Op 29 juni 2021 hebben [eiseres] en ASVZ een brief gestuurd naar [A (voornaam)] en [gedaagde sub 1] c.s. met de mededeling dat de Zorg/Huurovereenkomst en het Individueel Zorgcontract worden opgezegd vanwege de volgende problemen: “U onttrekt zich aan de geboden begeleiding; U komt de medische afspraken niet na; U heeft bedreigingen geuit aan de begeleiders van ASVZ; U overtreedt de huisregels.” [A (voornaam)] moet uiterlijk 1 augustus 2021 de woning hebben verlaten.
2.7.
[gedaagde sub 1] c.s. heeft tegen de opzegging van de overeenkomsten bezwaar gemaakt bij brieven aan [eiseres] en ASVZ van 20 juli 2021.
2.8.
Op 23 augustus en op 23 september 2021 hebben [gedaagde sub 1] c.s. overleg gehad met [eiseres] en ASVZ over de opzegging van de Zorg/Huurovereenkomst en het Individueel Zorgcontract. Het moment van ontruiming wordt na enkele keren te zijn uitgesteld door [eiseres] nader bepaald op 1 november 2021.

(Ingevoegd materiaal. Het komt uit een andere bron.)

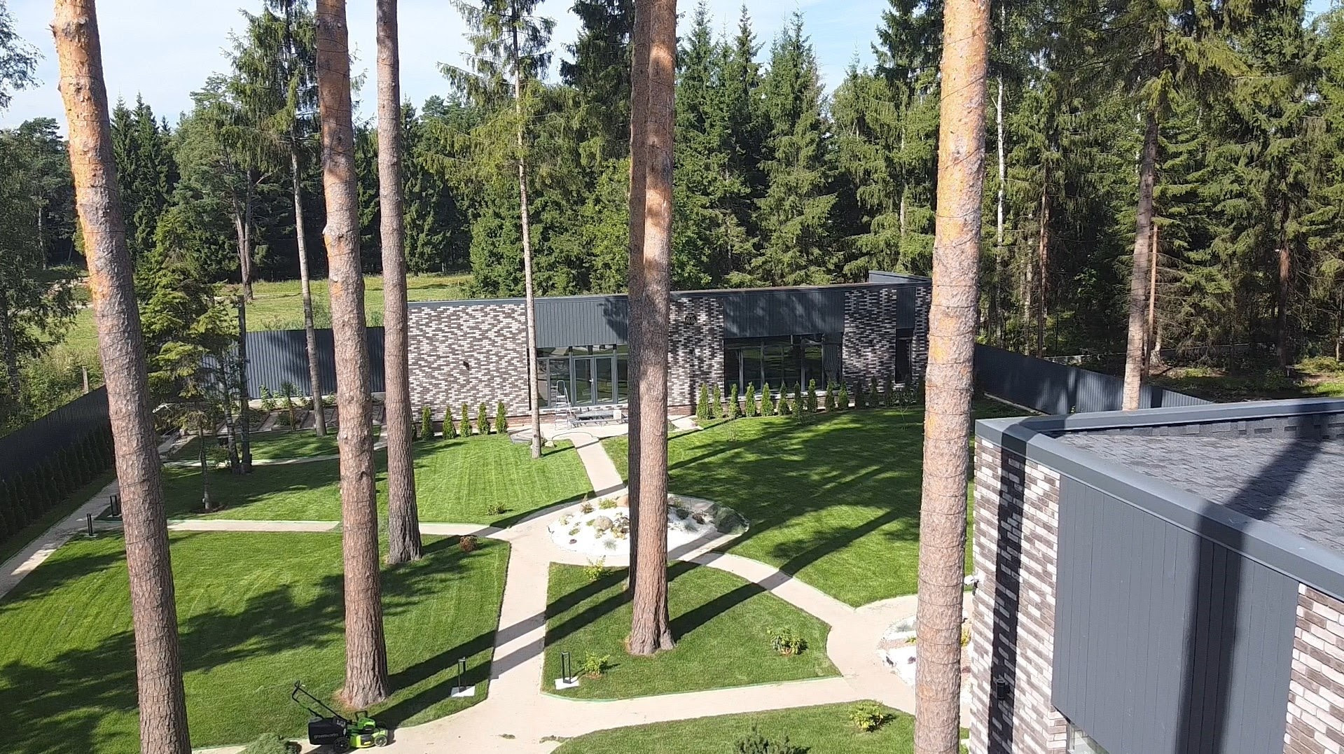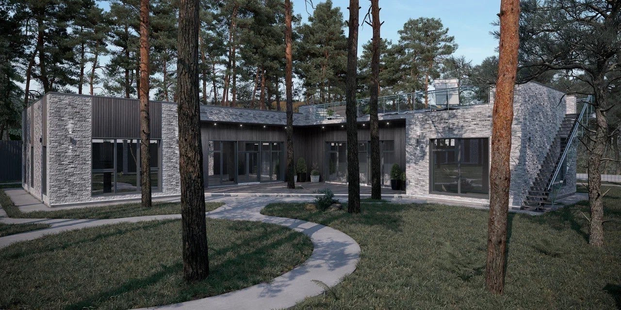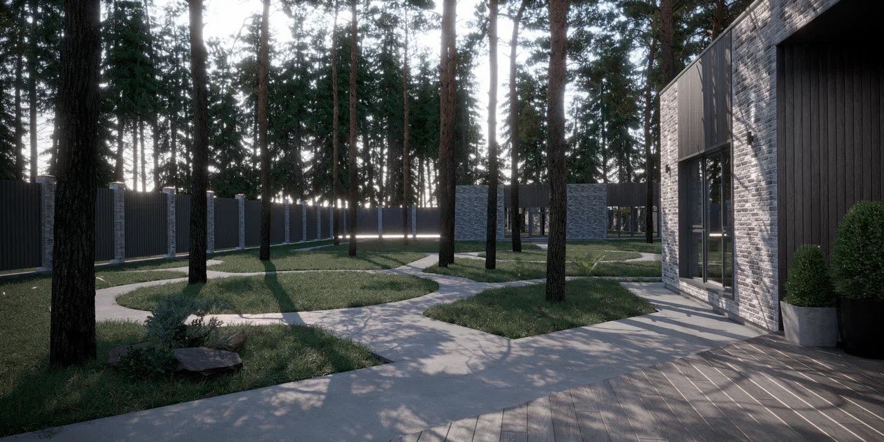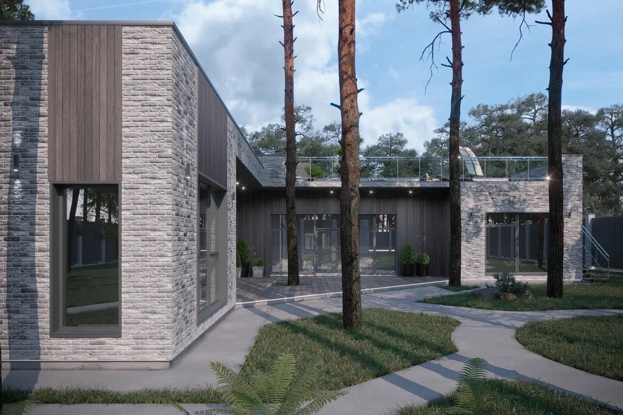 Архитектурная концепция соответствует формирующимся трендам загородного рынка: при строительстве используется газобетон, облицованный бельгийским кирпичом ручной формовки, а на площади в 330 м2 в один уровень разместились 4 спальни и кабинет, просторная кухня-гостиная площадью 50 кв.м. с камином и выходом на веранду площадью более 55 кв.м. Спроектированы две гардеробные комнаты, прачечная, кладовая. Комфорт кроется в деталях: вход в дом доступен как с улицы, так и из гаража.

3.Het geschil in conventie en reconventie

3.1.
[eiseres] vordert bij voorlopige voorziening samengevat - veroordeling van [gedaagde sub 1] c.s. tot ontruiming van de woning aan de [straatnaam] [nummer-/letteraanduiding] in [plaatsnaam] en betaling van de proceskosten. [eiseres] legt hieraan ten grondslag dat [gedaagde sub 1] c.s. (lees: [A (voornaam)] ) na de opzeggingen zonder recht of titel in de woning verblijft.
3.2.
[gedaagde sub 1] c.s. voert verweer en heeft een voorwaardelijke eis in reconventie ingesteld. Volgens [gedaagde sub 1] c.s. is sprake van een huurovereenkomst en heeft [A (voornaam)] recht op huurbescherming waardoor de Huur/Zorgovereenkomst door [eiseres] niet rechtsgeldig is opgezegd. Voor het geval [A (voornaam)] geen recht heeft op huurbescherming voert [gedaagde sub 1] c.s. aan dat geen sprake is van gewichtige redenen die maken dat [eiseres] de overeenkomst kon opzeggen.
3.3.
[gedaagde sub 1] c.s. vordert bij wijze van voorwaardelijke eis in reconventie samengevat -:
- primair [eiseres] te bevelen de zorgverlening te hervatten dan wel de
hervatting door een door [gedaagde sub 1] c.s. gekozen zorgverlener te faciliteren;
- subsidiair [eiseres] te veroordelen zich in te spannen passende woon-
en zorgbegeleiding te vinden;
- en meer subsidiair veroordeling van [eiseres] tot betaling van
€ 10.000 als vergoeding voor verhuis- en inrichtingskosten binnen 2 dagen na dit vonnis;
en in alle gevallen veroordeling van [eiseres] in de proceskosten.
3.4.
[eiseres] voert als verweer dat [eiseres] niet gehouden is om de begeleiding na de opzeggingen te hervatten en er geen aanleiding bestaat voor het toewijzen van een vergoeding.
3.5.
Op de stellingen van partijen wordt hierna, voor zover van belang, nader ingegaan.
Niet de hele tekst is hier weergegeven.